The IKDC Subjective Knee Form,[10] intended to assess the total overall knee function, includes information on symptoms/pain, function, and sports/physical activity. A higher score indicates a higher level of knee function and a lower degree of symptoms. This form is considered valid for all patients 10 years and older, whether the patients complete the form alone or with the assistance of their parent or guardian. The ACL-RSI questionnaire[26] is a validated 12-question scale to evaluate patients’ confidence in their knee and fears associated with return to sport after ACLR. Scores range from 0 to 100, with a higher score indicating an increased psychological desire to return to sport.

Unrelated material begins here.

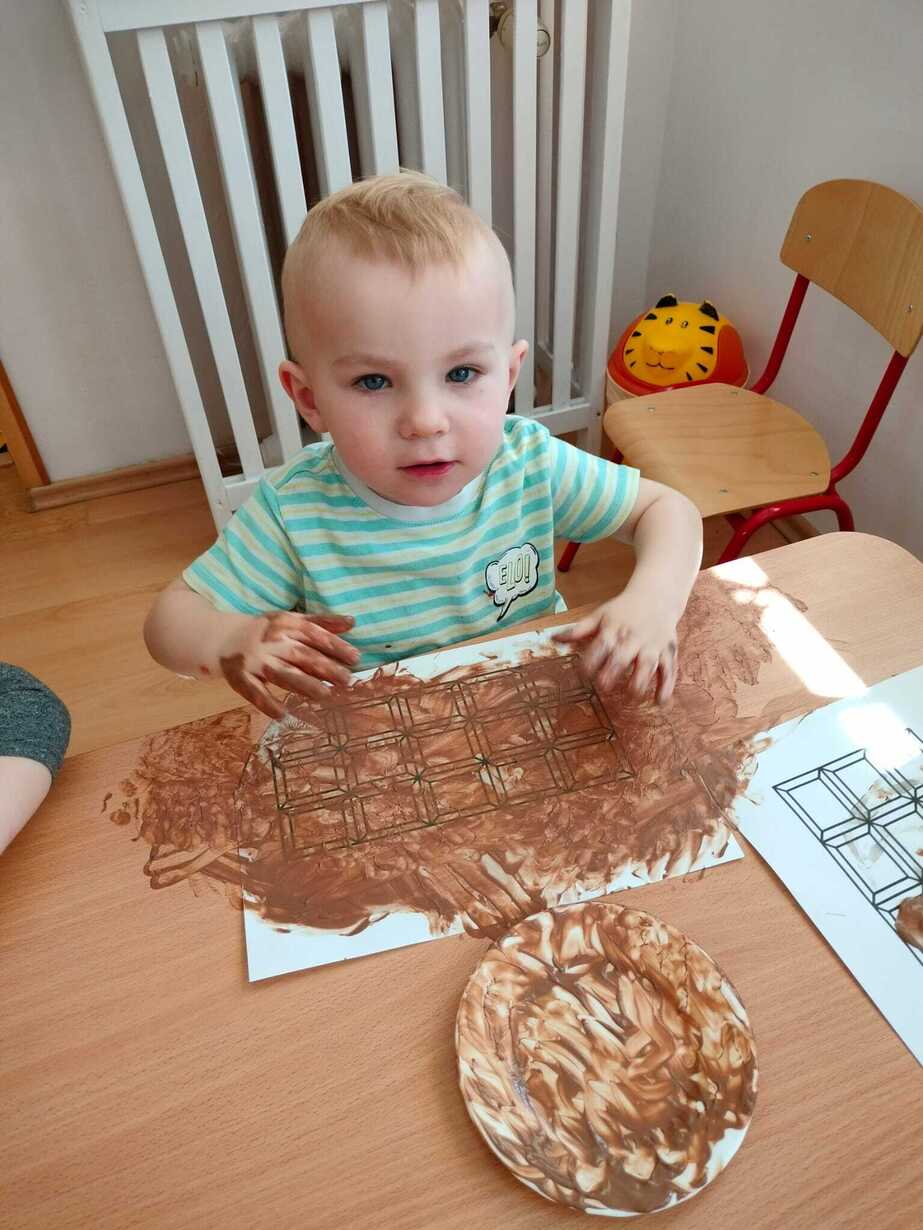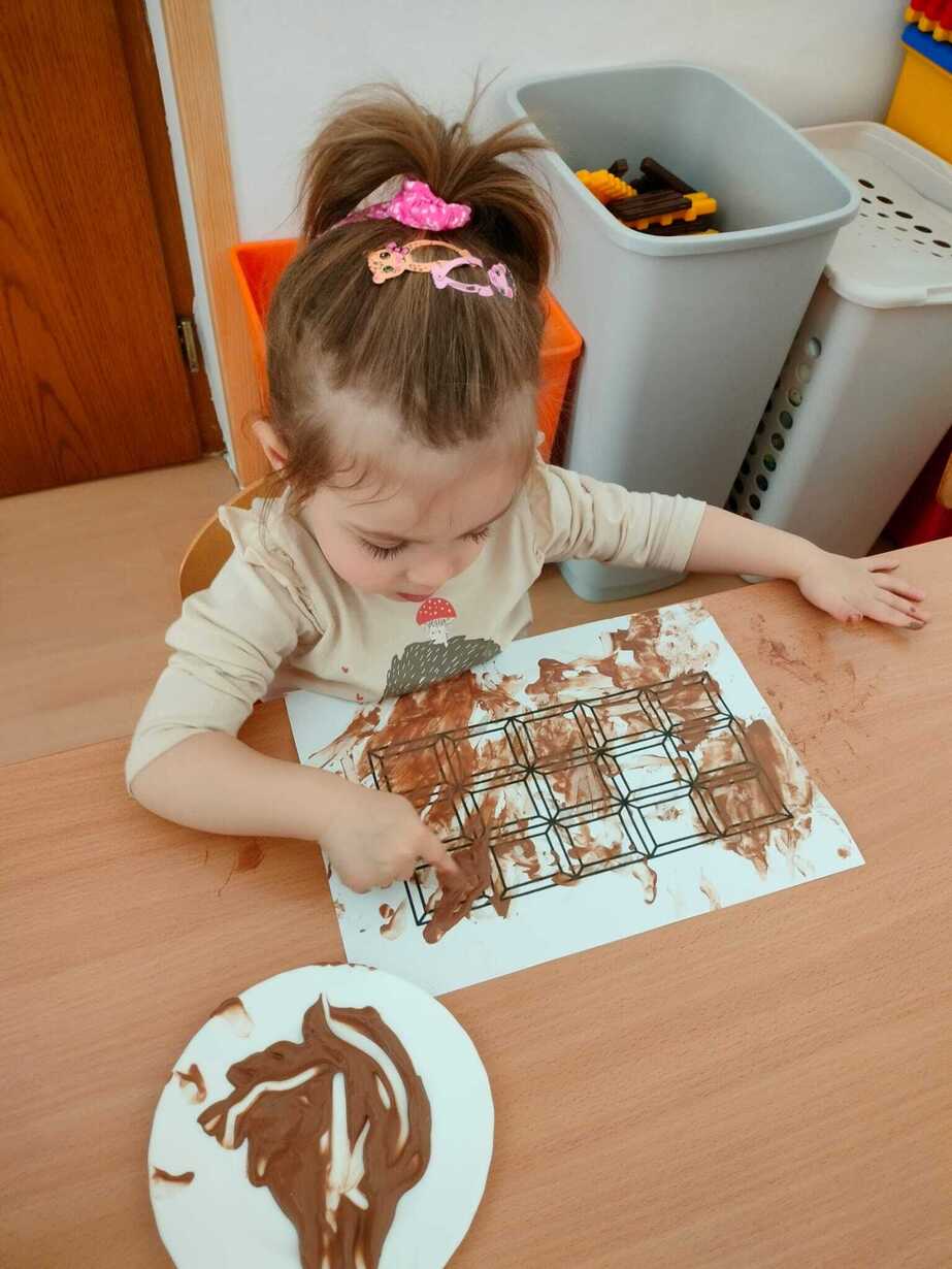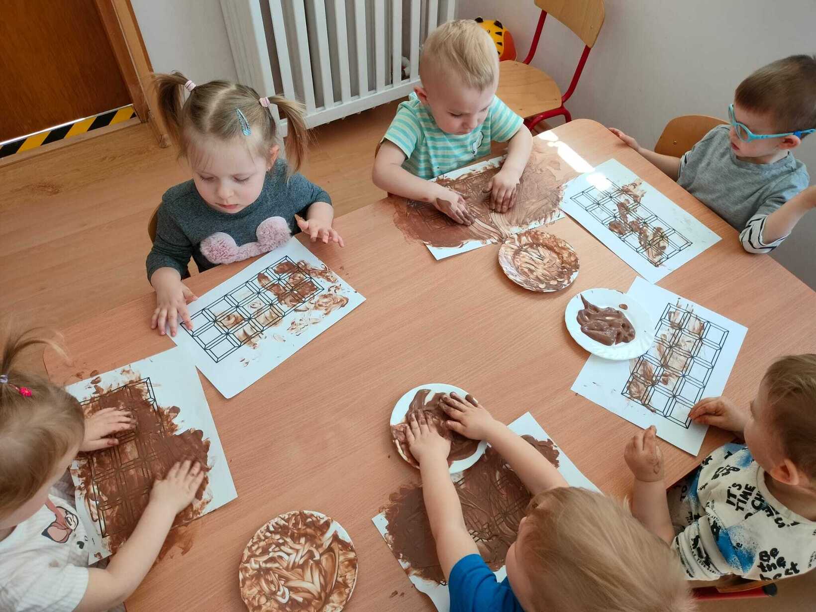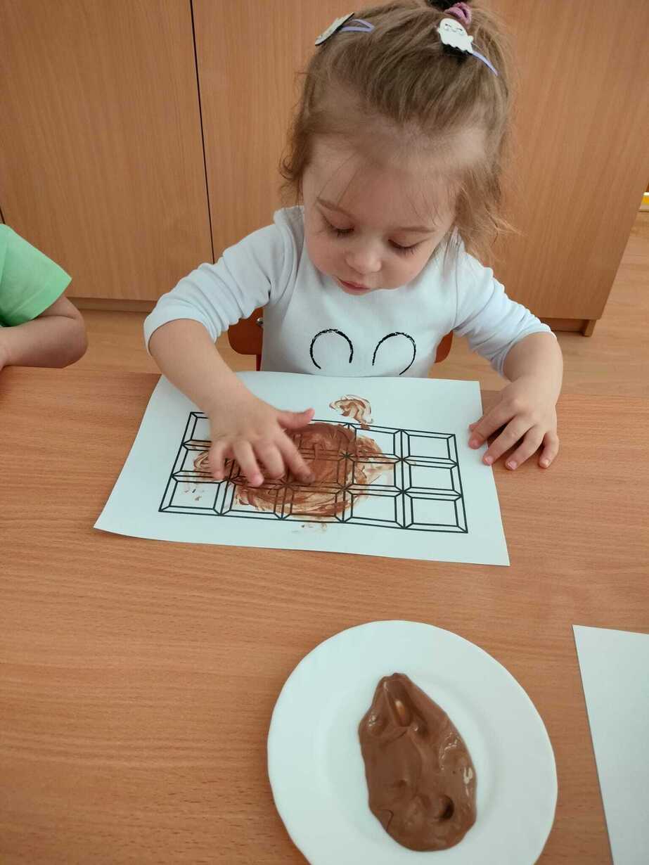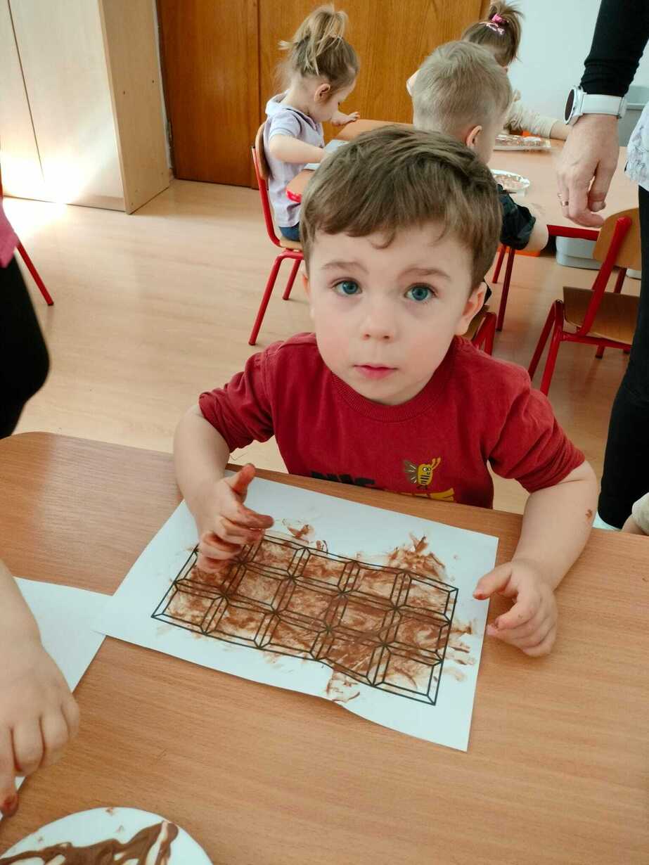 12 kwietnia Misie obchodziły najsłodszy dzień w roku DZIEŃ CZEKOLADY. A zaczeło się od pysznej kanapki z kremem czekoladowym na śniadanie. Później dzieci dowiedziały się jak powstaje i jakie są jej rodzaje .Na końcu wspólnie wykonaliśmy masę czekoladową z jogurtu i kakao, którą pomalowały paluszkami szablon tabliczki czekolady.

Patients were grouped based on their return to primary sport response: those who returned to and sustained participation in their primary sport after ACLR (group 1) and those who did not return to their primary sport after ACLR (group 2). Patients who initially returned to sport for a limited period of time but who had a subsequent injury that prevented sustained sport participation were considered to have not successfully returned to sport and were included in group 2. Patients who returned to sports after ACLR but completed their sport career before follow-up were considered to have successfully returned to sport and were included in group 1.

Statistical Analysis

Descriptive statistics were generated for characteristic data for both the initial study population (299 patients) and the final study cohort (74 patients). Characteristic data were compared between the study population and the study cohort as well as between groups 1 and 2 within the study cohort. Age at surgery was normally distributed and was compared using independent-samples t tests (α = .05). Time to follow-up, age at follow-up, and body mass index (BMI) were not normally distributed and were compared using Mann-Whitney U tests. Categorical characteristic data were compared using a chi-square test or Fisher exact test. Within the study cohort, neither ACL-RSI nor IKDC scores were normally distributed in group 1; as such, Mann-Whitney U tests were used to compare these scores between the 2 groups. Power analysis was performed for sample size estimation based on preliminary data collected for this study, which compared ACL-RSI scores at minimum 2-year follow-up between patients who returned and those who did not return to sport. The difference in group means was 25, with a mean SD of 21. With α = .05 and power = 0.8, the projected sample size needed was approximately N = 22 (11 patients in each group).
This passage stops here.